Я зачерпнул полную, с горкой, ложку жареной куриной печенки. Она была приготовлена с луком. Хирш засопел.
— Не могу устоять, — заявил он, накладывая солидную порцию печени себе на тарелку. — В последний раз куриная печенка спасла меня от самоубийства.
— С шампиньонами или без? — деловито поинтересовался я.
— Без. Зато было много лука. Ты же знаешь из нашего «Ланского катехизиса»: жизнь — штука многослойная, и в каждом слое свои прорехи. Обычно прорехи не совпадают, поэтому одни слои как бы поддерживают и затыкают другие. И только когда прорехи совпадают во всех слоях сразу, возникает настоящая угроза жизни. Тогда наступает час беспричинных самоубийств. И у меня однажды такой час был. Но спас запах жареной куриной печенки. Я решил сперва ее съесть, а уж потом покончить счеты с жизнью. Пришлось немного подождать пока печенка зажарилась. Потом выпил кружку пива. Пиво оказалось недостаточно холодным. Пришлось подождать, пока принесут холодного. А тем временем завязался разговор. Я был жутко голоден и заказал еще одну порцию. Вот так, одно на одно, и пошло-поехало дальше: я снова жил. Это не анекдот.
— Охотно верю. — Я уже взялся за ложку, торопясь положить себе вторую порцию печенки. — Для профилактики! — объяснил я Хиршу. — Про запас на случай самоубийства.

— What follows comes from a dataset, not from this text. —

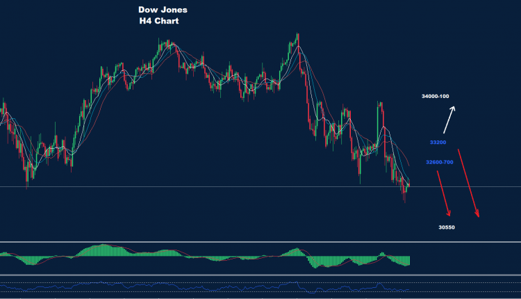 لقد نصحنا قبل ذلك بأن موجة الاتجاه الهبوطي هذه قد تبدأ أسفل مستويات 32200 في السوق والتي تمكن مؤشر داو جونز من ضربها الأسبوع الماضي

— Я расскажу тебе другую историю. Она вспоминается мне всякий раз, когда я слышу тот ломаный косноязычный английский, на котором говорят многие эмигранты. Так вот, жила тут одна старая эмигрантка, бедная, больная и беспомощная. Она надумала покончить счеты с жизнью и уже открыла на кухне газ, но как раз в этот момент подумала о том, как тяжело ей давался английский, а в последние дни она почувствовала, что вроде бы начала понимать окружающих. И ей стало жаль затраченных усилий — не пропадать же им теперь! Начатки английского — вот все, что у нее было, но она уцепилась за них, не желая терять, и так выкарабкалась. С тех пор я всякий раз думаю о ней, едва заслышу тяжелый тевтонский акцент наших эмигрантов, даже когда они вполне сносно и бегло говорят по-английски. Меня от этого акцента воротит, но он и трогает до слез. Смешное спасает от трагического, а вот трагическое от смешного не спасает. Посмотри на эти шеренги бедолаг! Вот они стоят перед блюдами с салатами, селедкой и ростбифами, трогательные в своей кроткой благодарности, побитые жизнью, но еще полные стойкого бедняцкого мужества. Они думают, все худшее у них уже позади. Потому и стараются изо всех сил уж как-нибудь перебиться, перетерпеть, переголодать. Но самое худшее их только ждет.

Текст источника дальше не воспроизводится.